Early Neutral Evaluation. At the request of either party, the parties will submit any dispute between them, arising out of or relating to this Agreement or any transaction or relationship arising from it, to non-binding early neutral evaluation, in Georgia, in accordance with the Early Neutral Evaluation procedures of the American Arbitration Association.
Arbitration. At the request of either party, the parties will submit any dispute between them, arising out of or relating to this Agreement or any transaction or relationship arising from it, to binding arbitration in Georgia, through the American Arbitration Association. The prevailing party in any dispute resolved by arbitration or litigation will be entitled to recover its costs and attorneys’ fees.
Jurisdiction. The parties irrevocably consent to the jurisdiction of the state and federal courts located in Savannah, Georgia. The parties hereby waive
Governing Law. This Agreement will be governed by the laws of the state of Utah without regard to its conflict or choice of law rules.
Design Terminology. Any design terminology in the Statement of Work is defined according to standard design industry usage. Any dispute as to the meaning or scope of design terminology will be determined in good faith by Design Firm.
IF / THEN Construction. Use of capitalized “IF:” and “THEN:” in a sentence is intended only enhance readability. It has no special meaning apart from its lower case meaning.
Modification & Waiver. Any modification of this Agreement must be in writing. Failure by either party to enforce any right or seek to remedy any breach under this Agreement shall not be construed as a waiver of such rights nor shall a waiver by either party of default in one or more instances be construed as constituting a continuing waiver or as a waiver of any other breach.
Severability. If any provision of this Agreement is held invalid or unenforceable, the remainder of this Agreement will remain in full force and effect.
Mutual Drafting. Any ambiguity or inconsistency in this Agreement is to be resolved in accordance with the most reasonable construction and not strictly for or against either party by virtue of that party’s author-ship.
Headings. Section headings are provided for convenience only and do not affect the meaning of any terms.
Integration. This Agreement comprises the entire understanding of the parties and supersedes all prior agreement and understandings.

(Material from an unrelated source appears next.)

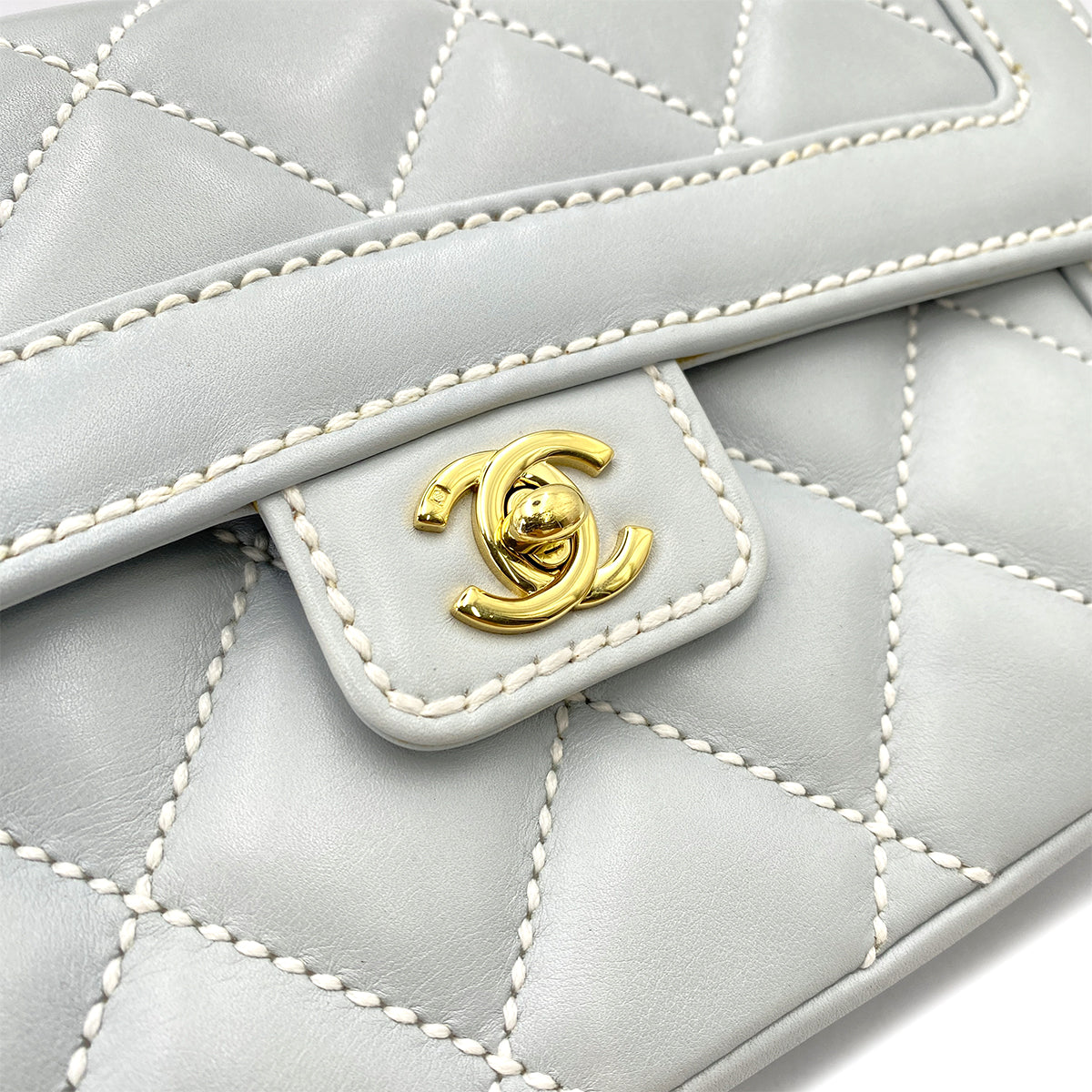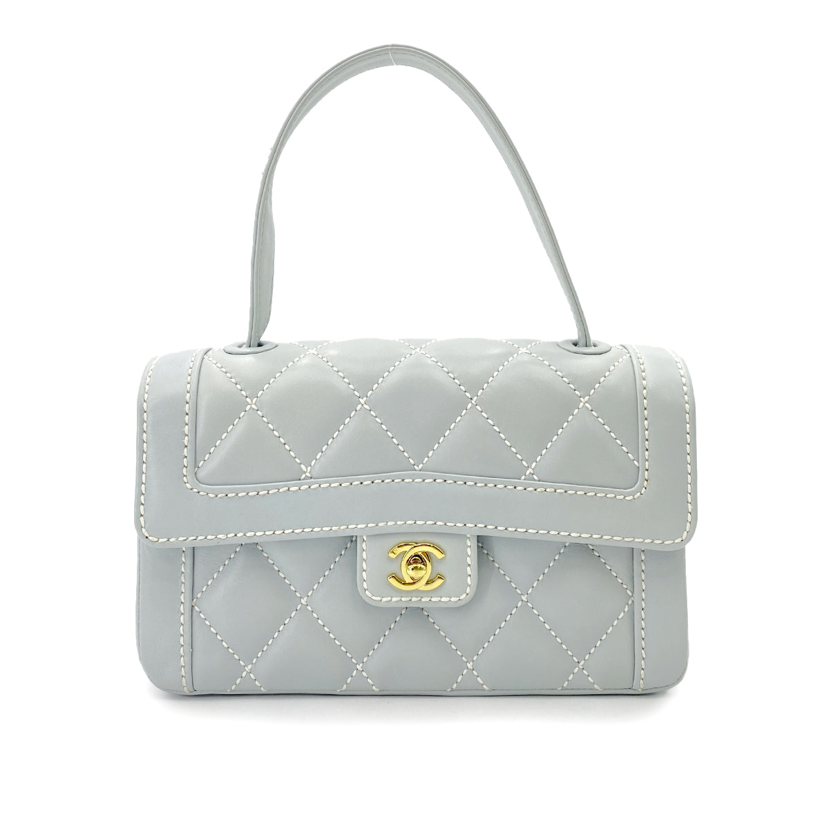 CHANEL VINTAGE WILD STITCH HAND BAG LIGHT BLUE LAMB SKIN 90248814

Client Content – all materials, information, photography, writings and other creative content provided by the Client for use in the preparation of and/or incorporation in the Deliverables.
Third Party Materials – works that are incorporated into the Final Deliverables, but not created by Design Firm or owned by Client. Third Party Materials includes, for example, stock photography, illustration, fonts, etc.

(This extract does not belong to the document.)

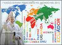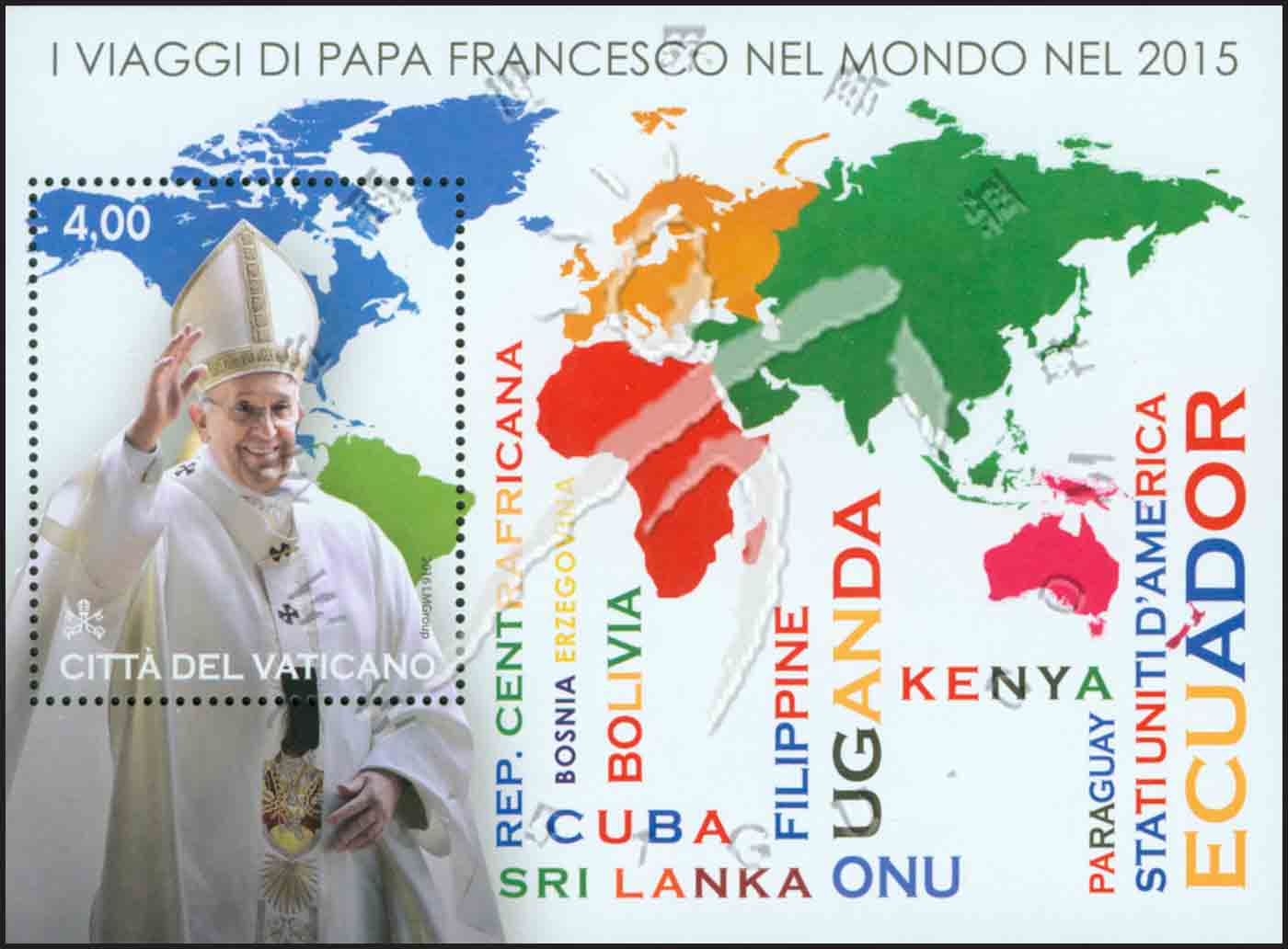 教宗方济各—2015年4使徒之旅,教宗肖像、世界地图及各个国家名称小型张

Preliminary Works – all artwork including, but not limited to, concepts, sketches, visual presentations, or other alternate or preliminary designs and documents developed by Design Firm and which may or may not be shown and or delivered to Client for consideration but do not form part of the Final Art.

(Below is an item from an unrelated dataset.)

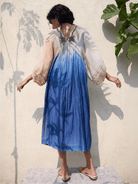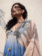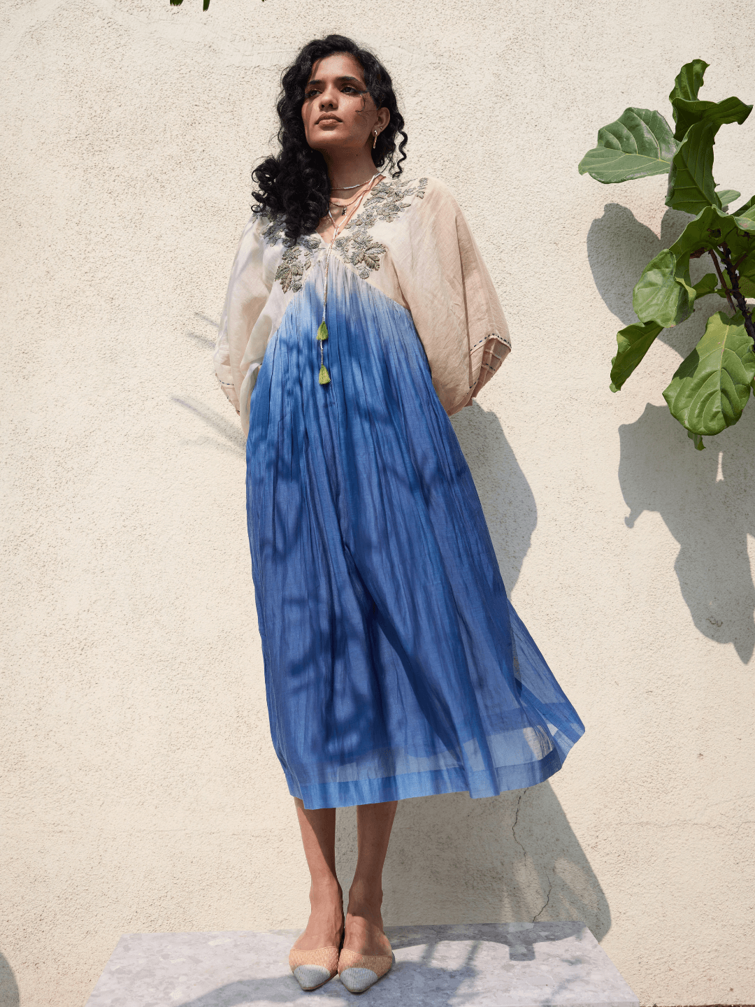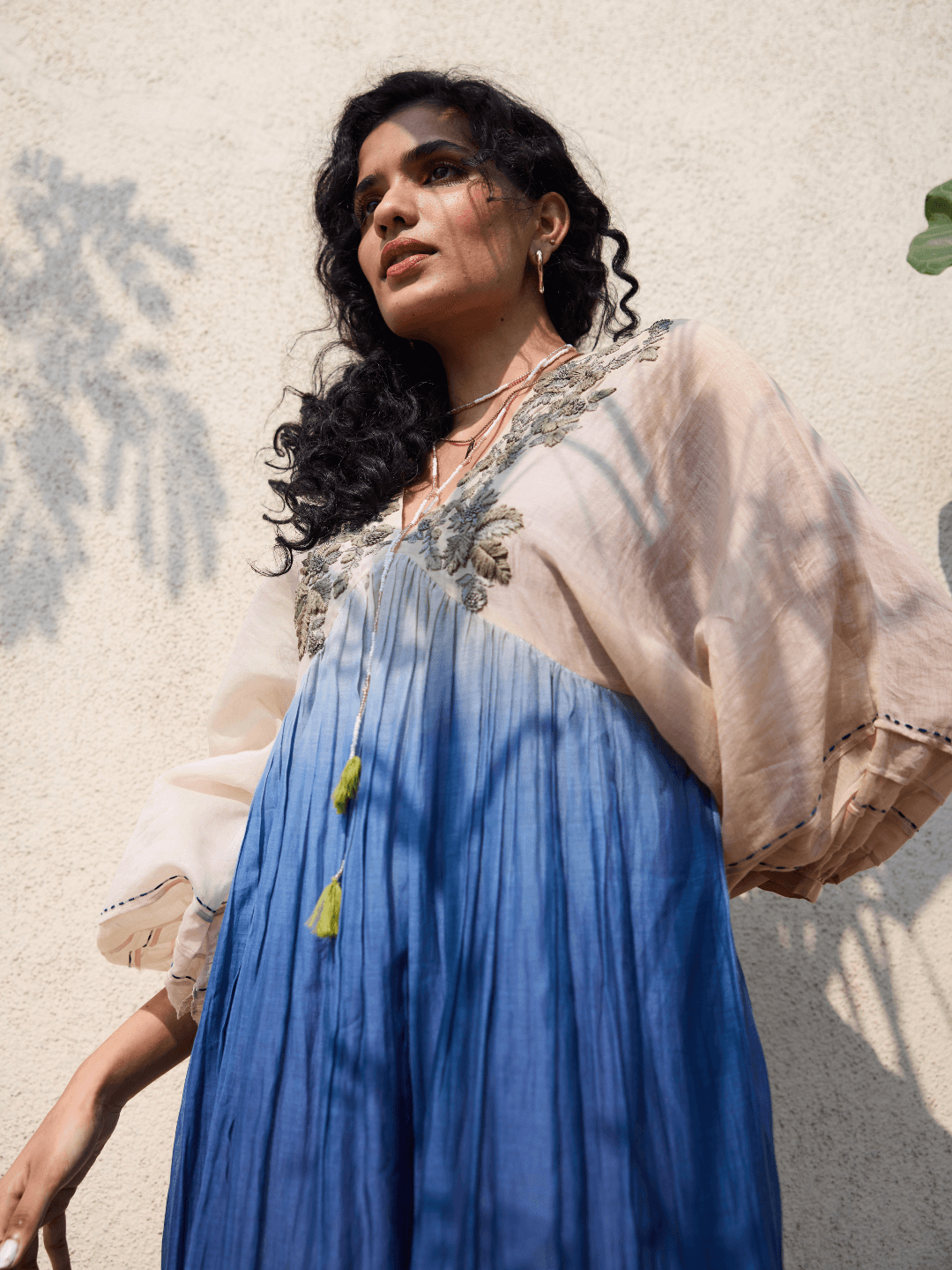 A summer dress that will make you swirl. The ombré from ecru to blue depicts the summer skies and ocean. The delicate hand embroidery sits beautifully, almost like a neck piece.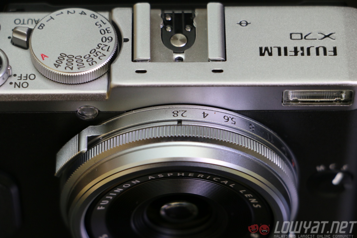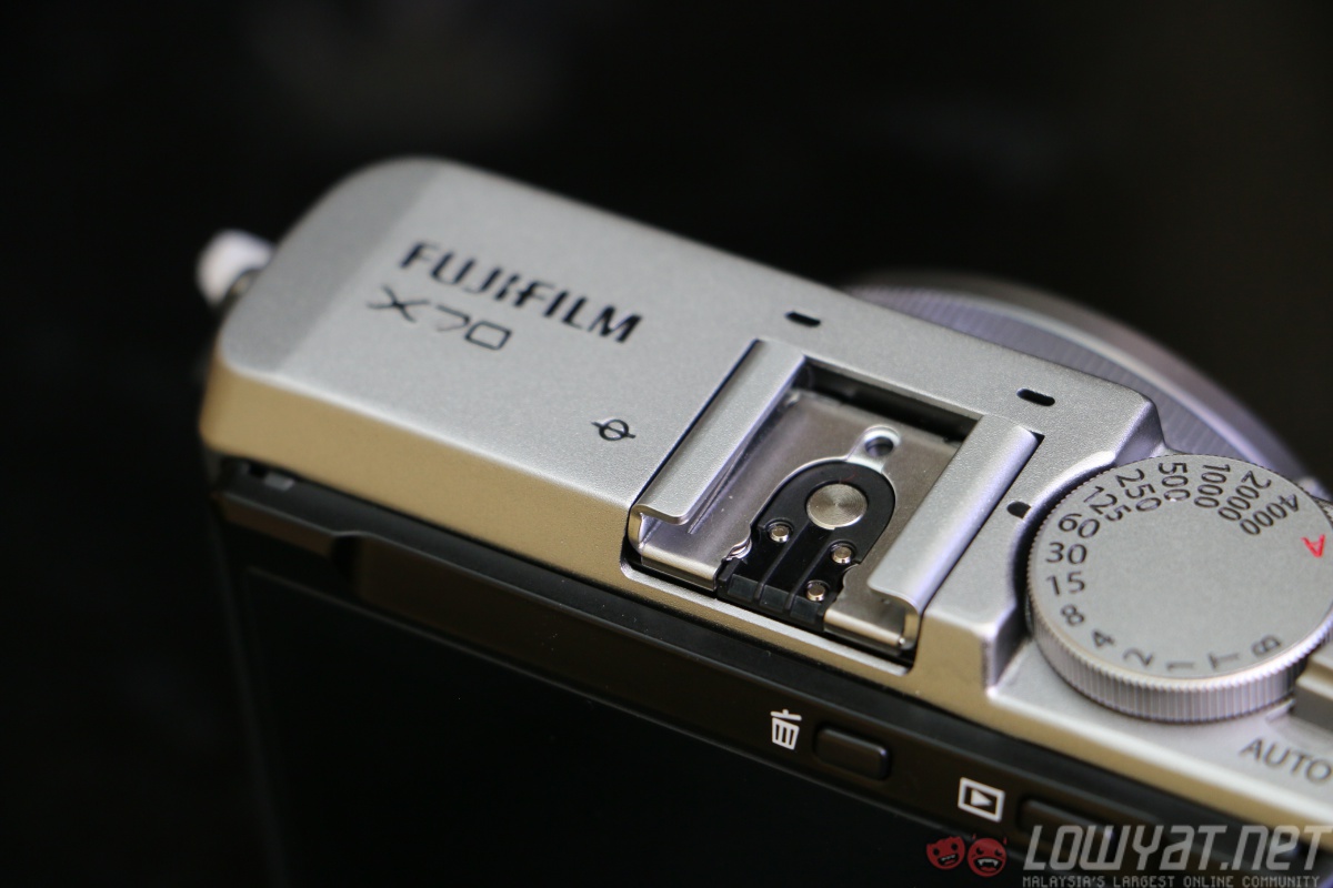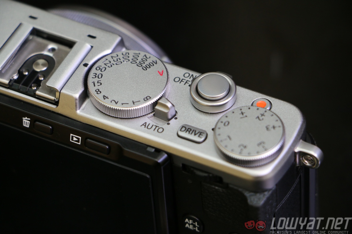 The X70’s top plate consists of shutter speed and exposure compensation dials which are constructed using aluminium, giving the camera a premium look while keeping its overall weight down.

Deliverables – the services and work product specified in the Statement of Work to be delivered by Design Firm to Client, in the form and media specified in the Proposal.
Final Deliverables – the final versions of Deliverables provided by Design Firm and accepted by Client.
Completing the checkout process for this or any other service listed on this website constitutes as an acceptance of terms. Completion of checkout process also binds Mergen Design, LLC to the terms of the agreement as well. By completing payment for this product/service, client guarantees that they have the full authority to enter into this Agreement and to bind your respective party to all of the terms and conditions of this Agreement.
Thank you for choosing Mergen Design LLC! We look forward to working with you!